Biar Dolar Nyaris Rp16.500, Utang RI Dijamin Aman!

Jakarta, CNBC Indonesia - Pemerintah memastikan utang pemerintah yang berbentuk dolar Amerika Serikat tidak akan berdampak signifikan terhadap beban pembayaran utang dalam APBN, meskipun dolar sempat bergerak ke level Rp 16.470.
Dilansir dari Refinitiv, rupiah ditutup menguat 0,3% di angka Rp16.390/US$ kemarin Senin (24/6/2024). Kendati menguat, mata uang Garuda masih dalam tren pelemahan. Rupiah sempat menyentuh titik terlemahnya yakni di level Rp16.470/US$. Sepanjang tahun ini, nilai tukar rupiah sudah melemah 6,1%.
Direktur Jenderal Pengelolaan Pembiayaan dan Risiko Kementerian Keuangan Suminto menjelaskan utang pemerintah relatif aman. Hal ini karena secara rata-rata pergerakan kurs rupiah secara tahun berjalan juga masih di level bawah Rp 16.000, di samping porsi utang dalam dolar yang terbilang rendah.

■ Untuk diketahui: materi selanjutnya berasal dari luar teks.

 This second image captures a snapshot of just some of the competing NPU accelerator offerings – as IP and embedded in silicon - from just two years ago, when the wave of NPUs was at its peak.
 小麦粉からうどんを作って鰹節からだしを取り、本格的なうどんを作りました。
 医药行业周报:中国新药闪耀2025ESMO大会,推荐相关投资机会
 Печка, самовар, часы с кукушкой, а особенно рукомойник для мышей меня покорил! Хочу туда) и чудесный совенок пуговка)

"Kewajiban utang valas tahun anggaran 2024 tentu dipengaruhi oleh pergerakan kurs. Asumsi kurs US$ dalam APBN 2020 adalah Rp15.000,- meskipun dalam beberapa waktu terakhir kurs USD melampaui Rp16.000,-, namun secara year to date per 19 Juni 2024, rata-rata kurs di level Rp15.866," ujar Suminto kepada CNBC Indonesia, Selasa (25/6/2024).
Suminto menekankan, hingga kini porsi utang pemerintah masih didominasi mata uang rupiah sebesar 72% per Mei 2024. Sementara itu, yang berupa valuta asing atau valas hanya sebesar 28%. Pengadaan utang baru pun ia pastikan hingga kini juga mayoritas masih didominasi rupiah.

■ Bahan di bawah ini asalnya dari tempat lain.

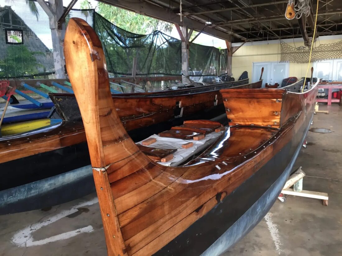 He added that they didn’t know if they would be able to use koa for the new canoe because it was hard to get.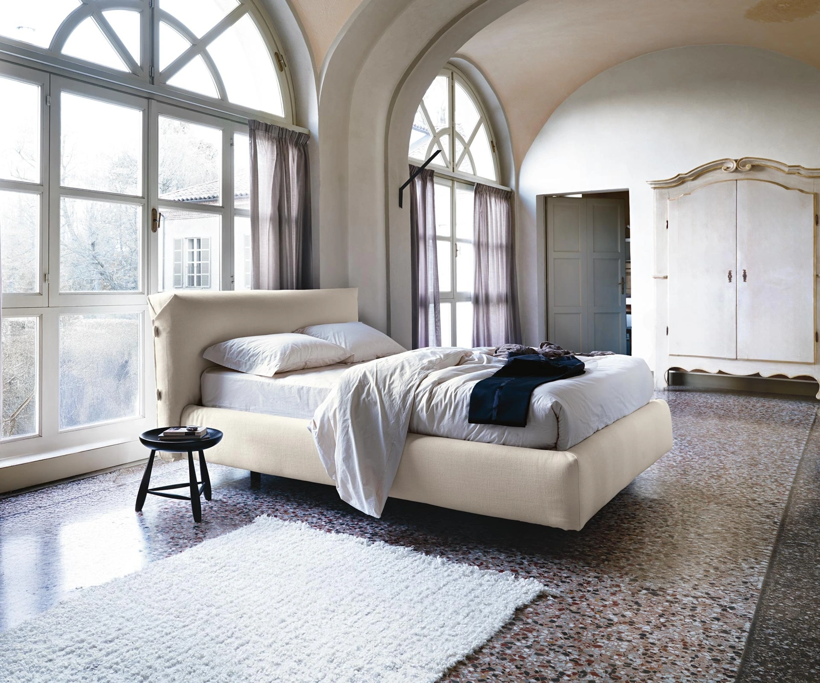 Il letto Allan in tessuto, tra i modelli imbottiti matrimoniali moderni di Noctis, è perfetto per assicurarti il sonno più profondo.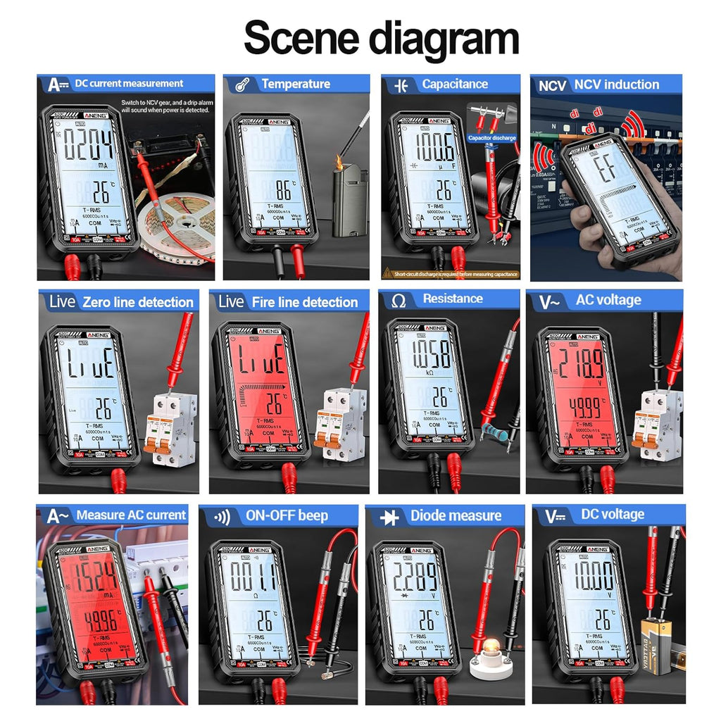 Multi & Function:This digital multimeter works as a comprehensive voltage tester,voltmeter,and circuit analyzer.It accurately measures AC/DC voltage, current,temperature, resistance, capacitance, frequency,continuity,NCV,and diodes,and performs live wire tests—making it a practical option for both industrial diagnostics and household electrical testing needs.

"Mengingat portofolio utang Pemerintah didominasi rupiah, yang per Mei 2024 rupiah sekitar 72% dan valas sekitar 28%, demikian pula pengadaan utang baru pada tahun anggaran 2024 didominasi rupiah, pengaruh depresiasi rupiah terhadap kewajiban utang relatif cukup terkendali," tutur Suminto.
Namun demikian, Suminto memastikan dampak depresiasi ini terus DJPPR cermati dan kelola dengan baik untuk memitigasi risikonya. Pemerintah ia jamin akan terus mengelola portofolio utang secara hati-hati, termasuk mengelola risikonya dengan baik.
"Risiko-risiko utang, seperti risiko nilai tukar, suku bunga, dan refinancing dijaga dengan baik," tegas anak buah Menteri Keuangan Sri Mulyani Indrawati itu.
Sebagai informasi, saat total utang pemerintah per 30 April 2024 telah mencapai Rp 8.338,43 triliun, utang dalam dolar AS porsinya sebesar Rp 1.713,26 triliun, euro Rp 388,45 triliun, yen Jepang Rp 270 triliun, dan lainnya Rp 30,92 triliun. Mayoritas dalam bentuk mata uang rupiah sebesar Rp 5.935,42 triliun.
Menteri Keuangan Sri Mulyani Indrawati pun sudah mengungkapkan bahwa pemerintah saat ini tengah minim menarik utang melalui penerbitan surat berharga negara (SBN) atau pinjaman karena mengantisipasi tekanan kurs.
Untuk membiayai kebutuhan pembiayaan belanja negara dalam APBN 2024, Sri Mulyani mengaku lebih condong memanfaatkan sisa lebih pembiayaan anggaran atau SiLPA 2023 sekitar Rp 200 triliun.
"Kenapa kita saat tekanan ini bisa kurangi penerbitan SBN karena kita punya SiLPA tahun sebelumnya. Tahun ini kita narik Rp 200 triliun SiPA untuk pembiayaan," ucap Sri Mulyani saat konferensi pers di Kantor Pusat Ditjen Pajak, Jakarta, Senin (24/6/2024).
Total pemanfaatan SiLPA yang sebesar Rp 200 triliun itu terdiri dari penarikan Rp 62,8 triliun pada Mei 2024, sisanya merupakan penarikan tahun berjalan hingga April 2024 dengan nilai sebesar Rp 146,6 triliun. Sedangkan catatan hingga Mei 2023 Rp 322,7 triliun.